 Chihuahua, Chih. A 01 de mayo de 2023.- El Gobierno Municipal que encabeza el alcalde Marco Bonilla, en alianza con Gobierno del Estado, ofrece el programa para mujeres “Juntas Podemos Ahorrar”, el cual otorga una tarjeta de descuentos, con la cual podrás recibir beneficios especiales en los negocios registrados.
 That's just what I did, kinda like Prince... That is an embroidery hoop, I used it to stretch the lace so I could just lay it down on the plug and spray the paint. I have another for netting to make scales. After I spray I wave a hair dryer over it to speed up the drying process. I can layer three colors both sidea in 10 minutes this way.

━━━

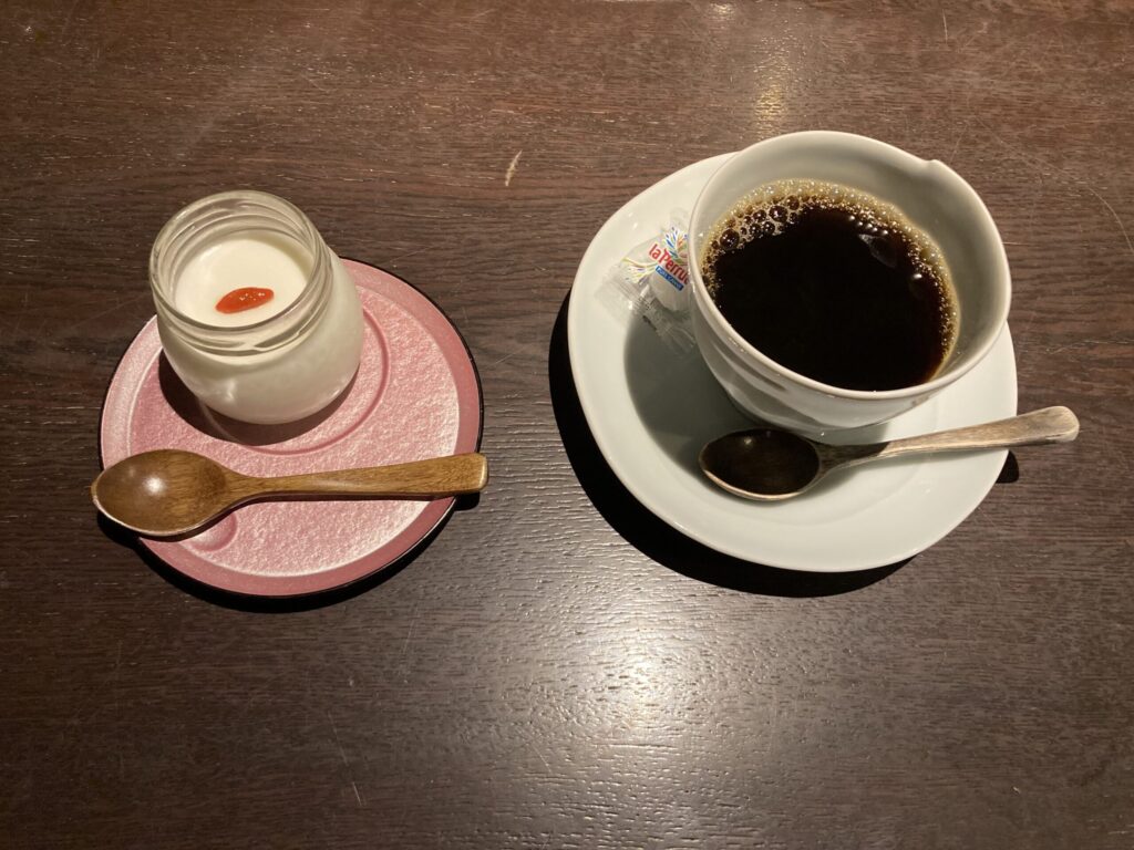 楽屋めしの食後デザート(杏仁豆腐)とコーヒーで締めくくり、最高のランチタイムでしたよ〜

━━━

Aim of the task: Working from the records above, write out verbatim only the lines from the line containing "Chihuahua, Chih. A" through the line containing "That's just what".

Your response:
 Chihuahua, Chih. A 01 de mayo de 2023.- El Gobierno Municipal que encabeza el alcalde Marco Bonilla, en alianza con Gobierno del Estado, ofrece el programa para mujeres “Juntas Podemos Ahorrar”, el cual otorga una tarjeta de descuentos, con la cual podrás recibir beneficios especiales en los negocios registrados.
 That's just what I did, kinda like Prince... That is an embroidery hoop, I used it to stretch the lace so I could just lay it down on the plug and spray the paint. I have another for netting to make scales. After I spray I wave a hair dryer over it to speed up the drying process. I can layer three colors both sidea in 10 minutes this way.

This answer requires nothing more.